The Postal Service is in a position not many Americans can claim: debt free. But even a projected surplus won't stop next month's postal rate increase, which the service says is needed to cover a congressionally mandated expense.
Once $11 billion in the red, the post office paid off the remaining $1.8 billion of its debt in 2005, postal Chief Financial Officer Richard Strasser said Tuesday.
It's the first time the Postal Service has been without debt since it was organized from the old post office in the 1970s.
Overall, the Postal Service finished fiscal 2005 with a $1.4 billion surplus on revenue of $69.9 billion and investment income of $86 million, minus expenses of $68.3 billion and interest of $265 million.
Strasser said the agency's plan for 2006 was for a $1.3 billion surplus, but a requirement that it place $3 billion in escrow is forcing it to raise postal rates on Jan. 8 to cover the added expense. The price of a first-class stamp will go from 37 cents to 39 cents and other rates will rise accordingly.

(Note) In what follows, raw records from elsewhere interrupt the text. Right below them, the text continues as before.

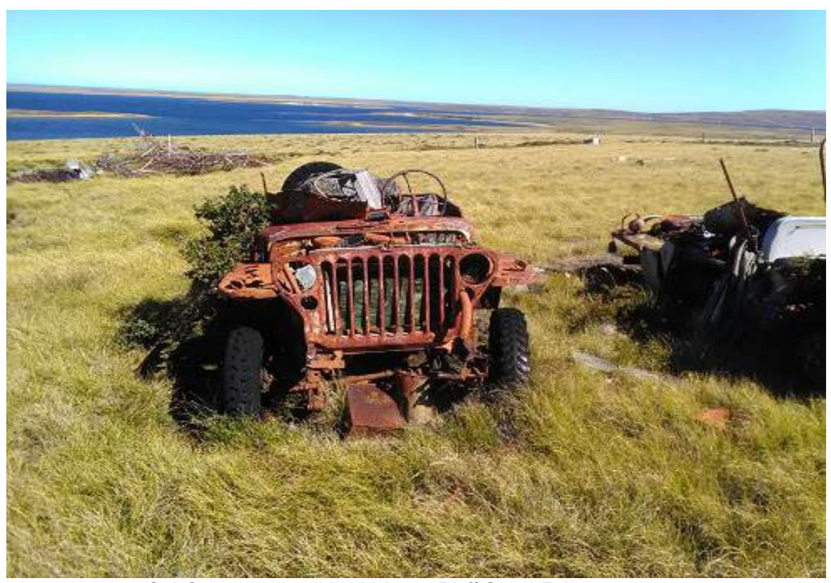
Calafate amongst old vehicles at Bluff Cove, February 2021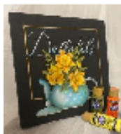
Tracy Moreau Acrylic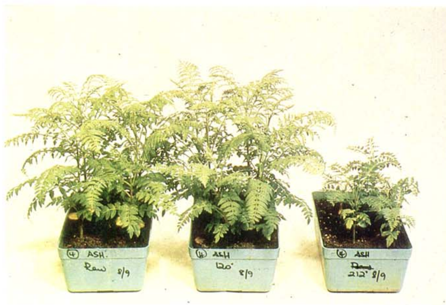
Fig. 1. Biological suppressiveness of a Queensland avocado grove soil to Phytophthora cinnamomi by selective steam treatments. (Left) Untreated soil, (center) soil treated with aerated steam at 60 C for 30 minutes, and (right) soil treated with aerated steam at 100 C for 30 minutes. Each flat was then inoculated with P. cinnamomi and seeded to susceptible jacaranda. Plants are shown after 4 months at 23.5 C.

A prerequisite to detecting biological disease suppression is knowledge of the biology of the pathogen and the disease it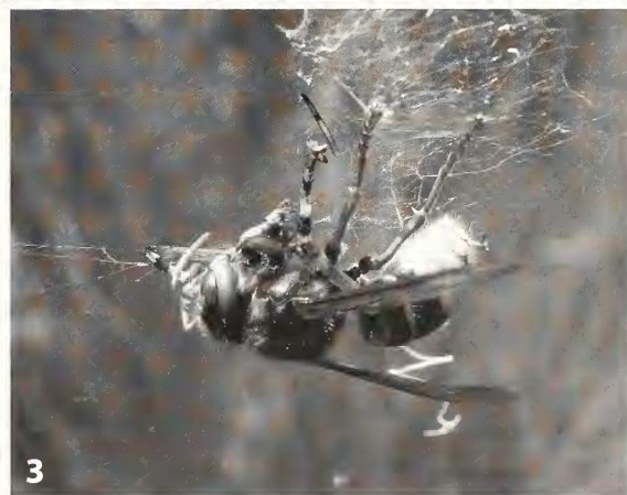
Figures 2, 3: Vespa crabro in web of Argiope bruennichi stealing the spiders prey (2), and with remnant of Argiope bruennichi (3).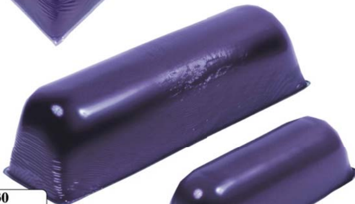
41830 Chest Roll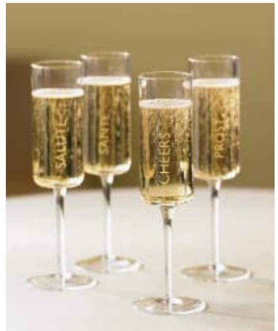
Cheers Champagne Flutes $50, redenvelope.com

And since January's increase is needed solely to cover the escrow requirement the agency is expected to announce another increase next year to take effect in 2007, to cover rising costs.
Fiscal 2005 was also the first time advertising mail has topped first-class mail in volume. The post office handled more than 100 billion pieces of what it calls standard mail, compared to 98 billion first class letters.
Both were up and total mail volume rose 2.7 percent to 212 billion items, the agency said.